Vipont (alias Vieuxpont) is the name of a prominent family in the history of Westmorland. According to Thomas
 the name originated in France before 1066 as Vieuxpont ("Old Bridge"), Latinized to de Vetere Ponte ("from the Old Bridge"), with alternative spellings Vezpont, Veepon, Vexpont, Vypont, Vispont, Vypunt, Vespont, Vipond, Vypond, Voypond, Veepond, Vippond, Vipon, Vipan, Vipen, etc. The Vipont family bore arms: Gules, six annulets or 3:2:1, later quartered by Baron Clifford.

==Related family==
The French family Vieuxpont de Courville shares a similar coat of arm, because they are probably relatives. Courville is a parish located in the traditional county of Perche. The Vieuxpont name may be inherited from the parish of Vieux-Pont (Orne, Viez Pont 1155), situated in the south of Normandy.

==Notable family members==
- William de Vieuxpont (d.1203), Lord of Westmorland married Maud de Morville (d.1210), daughter of Richard de Morville, Constable of Scotland.
- Robert I de Vipont (d.1227/8), the younger son of William de Vieuxpont and Maud de Morville. He was granted by King John in 1203/4 custody of Appleby and Brough in Westmorland with the hereditary office of Sheriff of Westmorland, to be held from the king under military tenure of 4 knight's fees. This grant is deemed to have created the feudal barony of Appleby. He built Brougham Castle. He married Idonea de Builli, daughter of John de Builli
- John de Vipont of Appleby married Sibyl, sister of William de Ferrers, 5th Earl of Derby (1193–1254).
- Thomas Vipont was a medieval Bishop of Carlisle from 1254 to 1256.
- Isabella Vieuxpont (d. 1291) married Roger de Clifford the younger (d.1282)
- In the 14th century, Lady Idonea de Veteripont, owner of Pendragon Castle and wife of Roger de Lilburne (married in 1264), founded St Mary's Outhgill in Mallerstang.
- Elfrida Vipont was the pen name of Elfrida Vipont Foulds (née Brown) (1902–1992)

===Robert de Vieuxpont===

Robert's biography is given in Summerson. He was the younger son of William de Vieuxpont and Maud de Morville (daughter of Hugh de Morville, Lord of Westmorland). He served King Richard I, King John and King Henry III. Appleby Castle, Brough Castle and Whinfell Forest were granted to him by King John in 1203, together with the title of hereditary High Sheriff of Westmorland. He also built Brougham Castle. In the early 13th century, he was also High Sheriff of Nottinghamshire, Derbyshire and the Royal Forests, and had custody of the Sees of York and Durham. Later he moved on to other duties. In 1216, he took responsibility for Cumberland and Carlisle Castle. He died in early 1228, leaving his body and Wycombe estates to the Knights Templar. He married Idonea de Busli, a descendant of Roger de Busli, in 1213. His children were son John (died 1241) and daughter Christian, who married Thomas of Greystoke. When John's son Robert died in 1264, his possessions passed to his daughters and eventually to Robert de Clifford, 1st Baron de Clifford.

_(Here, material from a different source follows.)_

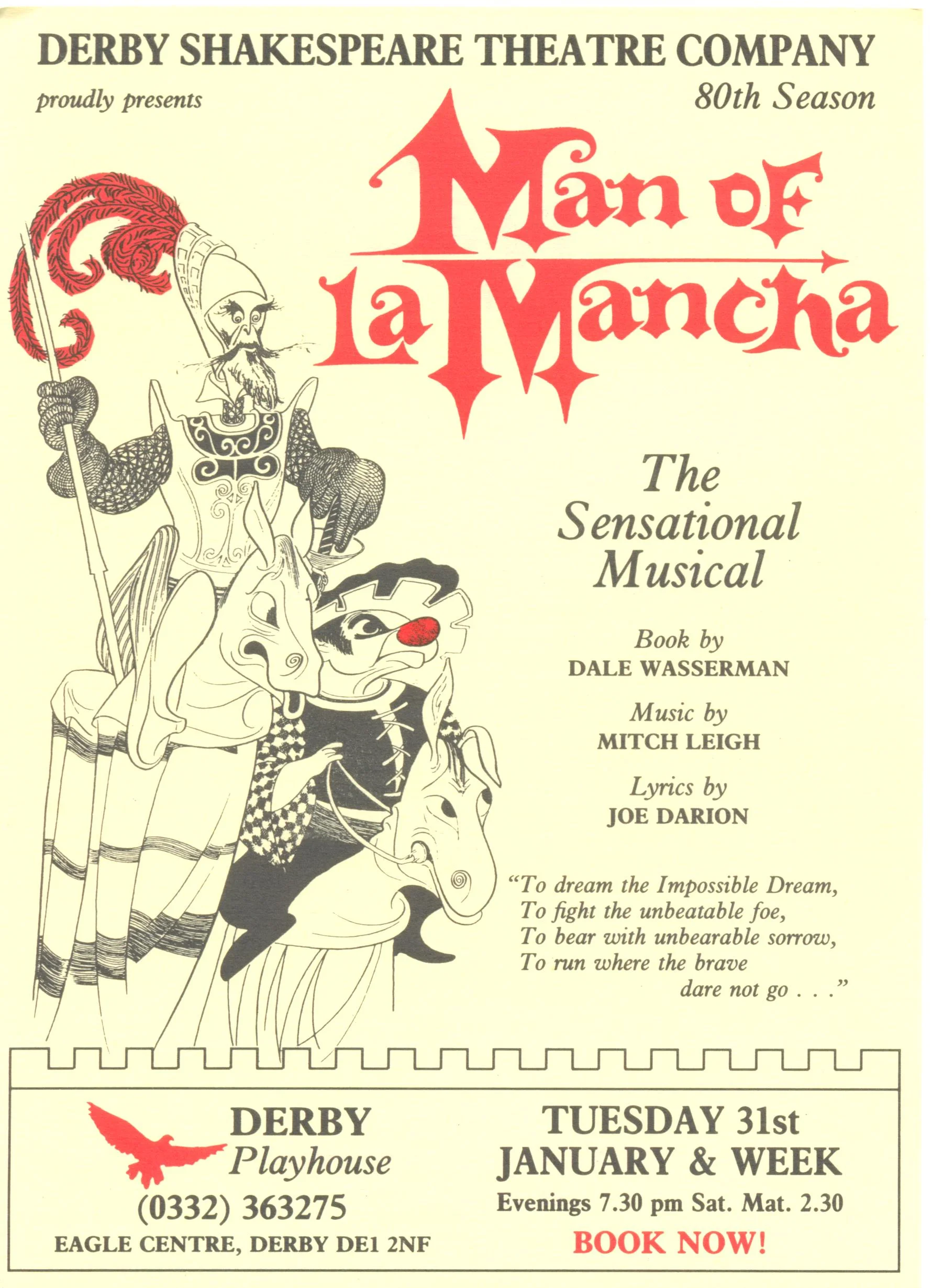 This musical retelling of Cervantes' classic tale of Don Quixote and Sancho Panza was brought to vivid life on the Derby Playhouse stage by Philip Beeson and has excellent cast and crew.

==High Sheriffs of Westmorland==
In 1204 King John granted the "Sheriffwick and rent of the county of Westmorland", together with the custody of the castles of Appleby and Brough, to Robert de Vieuxpont in perpetuity. He was succeeded in 1228 by his son John de Vieuxpont, who died circa 1242, leaving his infant son Robert de Veteripont a ward of the king and of the Prior of Carlisle. Robert later died of wounds received in rebellion against King Henry III circa 1264, during the Battle of Lewes, leaving two daughters Isabella and Idonea. Isabella married Roger de Clifford, father of Robert de Clifford, 1st Baron de Clifford and on the death of Idonea the hereditary shrievalty passed via Isabella to Robert and the de Clifford family.